Smith v. Billings, 68 Ill. App. 603 (1897)

Feb. 9, 1897 · Illinois Appellate Court
68 Ill. App. 603

C. D. F. Smith v. Albert M. Billings.

1. Trial by the Court—Finding Conclusive.—Where the trial is by the court without a jury the finding is, as a general rule, conclusive.

Assumpsit, for attorney’s services. Appeal from the Circuit Court of Cook County; the Hon. Francis Adams, Judge, presiding.

Heard in this court at the October term, 1896.

Affirmed.

Opinion filed February 9, 1897.

William P. Black, attorney for appellant.

Winston & Meagher, attorneys for appellee.

Mr. Justice Waterman

delivered the opinion oe the Court.

This was an action of assumpsit brought March 8, 1894, by appellant to recover compensation for services as an attorney rendered from January 1, 1885, to October 7, 1893.
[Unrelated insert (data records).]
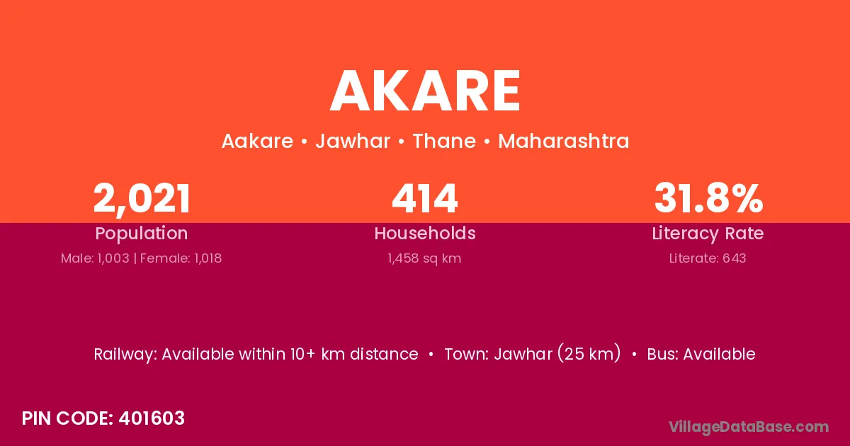 Jawhar (25 km) is the nearest town to Akare village for major economic activities and is located approximately 25 km away.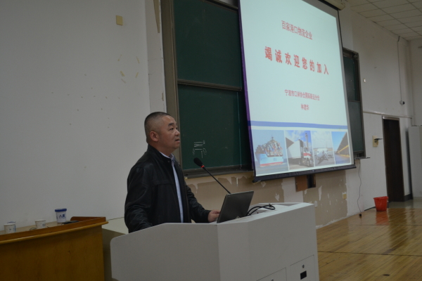 宣讲会的开始,由邱璐轶老师大致介绍了宁波市口岸协会的发展状况。接下来是林建华董事的讲话,与同学们讨论了人活着的四十年间做的事情和白领品牌的一天,就现今学生时刻离不开手机的现象展开,幽默诙谐的语言引得现场掌声阵阵,气氛更是热烈。 他还讲到,“成熟的人就是有远见有眼光,会想到以后,而不只是局限于现在。”之后他提到宁波港的发展,优越的地理位置和人文历史,同时感慨到他将青春献给了宁波港,而宁波港同样回馈他很多东西。谈及协会,林建华向同学介绍了协会的岗位需求,并一一做出解释。宣讲会的最后,他更是讲到参加招聘的三大法宝,一要面带微笑,二是讲话大声,三则确定自己的行业且坚持下去。
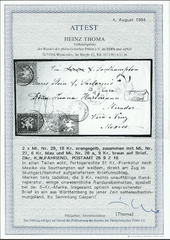 | Zusatzinformationen und Suchstichworte: | 377. Auktion Heinrich Köhler 20. - 25. September 2021 Los 278 1863, 6 Kreuzer blau, 9 Kreuzer dunkelbraun und 2 Einzelwerte 18 Kreuzer orangegelb, alle farbfrisch mit Kreisstempel "WÜRTT. FAHREND. POSTAMT Z10 26/9" (1865) auf Briefkuvert der 2. Gewichtsstufe mit nebengesetztem Rahmenstempel "Stuttgart Bahnhof" über England mit vorderseitigem "LONDON PAID 28 SP 65" nach Vera Cruz in Mexiko. Das Porto setzt sich zusammen aus 6 Kreuzern Vereinstaxe und 45 Kreuzern Weiterfranko; das mexikanische Inlandsporto in Höhe von "2" Reales wurde vom Empfänger eingezogen. Die Frankatur teils kleinere Randmängel, die bei den beiden links klebenden Marken behoben wurden, sonst sehr schöne Erhaltung. Ein attraktiver und seltener Brief in frischer Erhaltung. Signiert Decker und Schlesinger, Fotoatteste Thoma BPP (1994) und Heinrich BPP (2021) Ausruf 3.000,00 EUR Zuschlag 29.000,00 EUR (aus der Sammlung Erivan Haub) |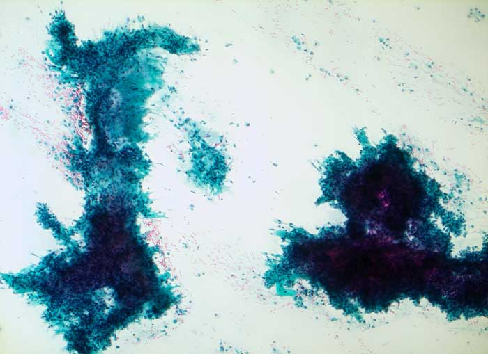Feinnadelpunktat der Speicheldrüse: Palmwedelartige Formationen aus verzweigter fibrillärer Matrix und aufsitzenden Epithelien ohne Atypie.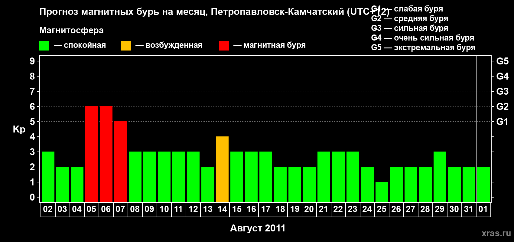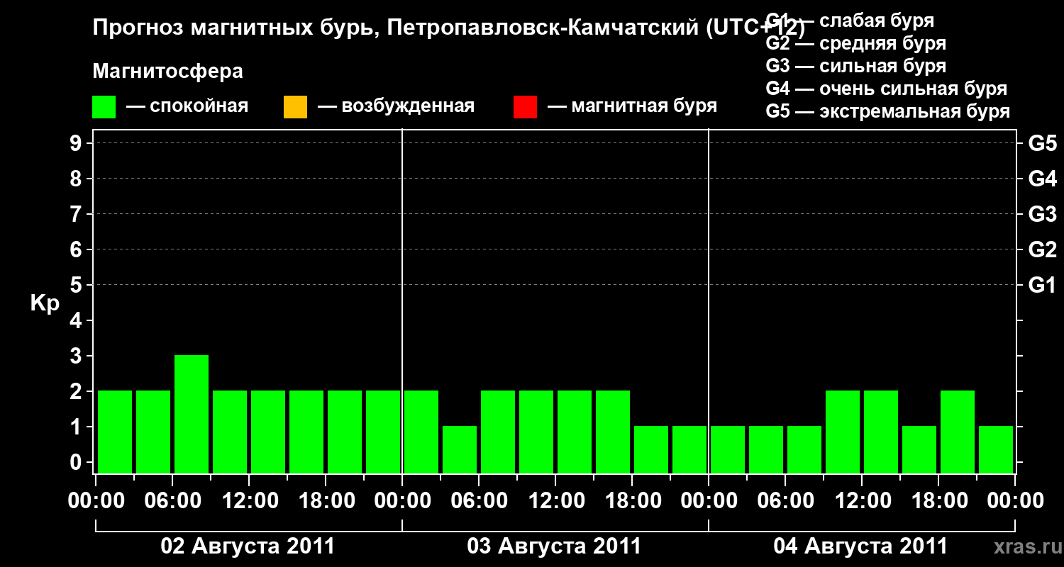 Прогноз магнитных бурь Петропавловске-Камчатском — 2 августа 2011 года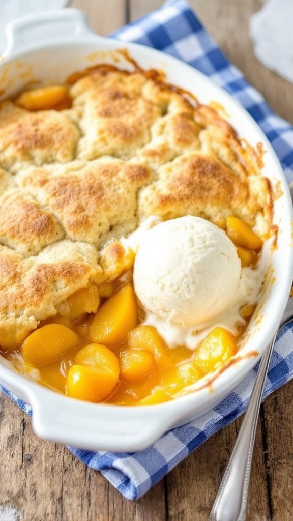Serving this Southern peach cobbler is an experience in itself. A scoop of cold vanilla ice cream melting on the warm cobbler creates a delightful contrast in temperature and texture.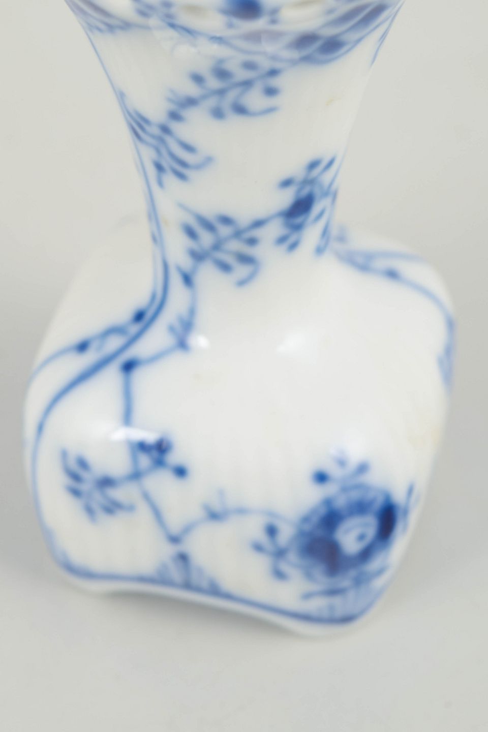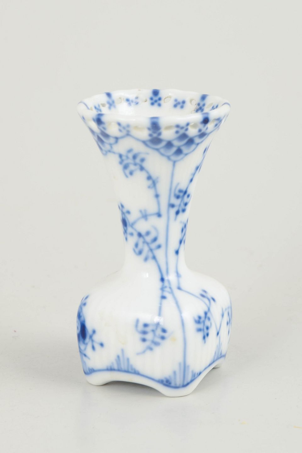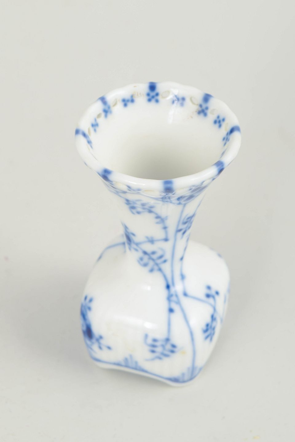 Lille vase i håndmalet porcelæn fra Musselmalet Helblonde med klassisk underglasurdekoration i koboltblå og gennembrudt blondekant.

Nothing has ever been paid for the alleged services, and appellee denies not only the employment, but the service.

The cause was tried by the court, a jury having been waived.

The plaintiff also sought to recover from the defendant a balance claimed to be due plaintiff for fifty-two shares of the capital stock of the Home N ational Bank of Chicago, alleged to have been sold by the plaintiff to the defendant June 11, 1891.

The court found the issues and rendered judgment for the defendant.

No complaint is made as to any holding of the court below upon any proposition of law; the entire argument, here made, is as to the alleged erroneous conclusion of -the Circuit Court upon questions of fact.

We have examined the voluminous abstract and briefs here presented, and are unable to say that the preponderance of the evidence is such that we ought to reverse the conclusion arrived at by the court below.

*604We regard the letter written by appellant February 13, 1893, after the termination of all the service and all the transactions for which a recovery is here sought, as inconsistent with the plaintiff’s claim. True, appellant was, when he wrote this, upon a sick bed, but it does not appear that his mental faculties were impaired, or his understanding clouded.

The letter is rational, intelligent, consistent; it is simply not in agreement with the claim now made.

The evidence in the case is contradictory. Had we heard the cause in the court below we might have come to a different conclusion. The question presented to us, is not what we regard the preponderance of the evidence shows, but is the clear preponderance of the evidence so opposed to the finding that it must be set aside ? This we are unable to hold. It is no uncommon thing for men to regard transactions very differently, and consequently be at variance as to obligations, if any, arising therefrom. Such condition exists in the present case.

The judgment of the Circuit Court is affirmed.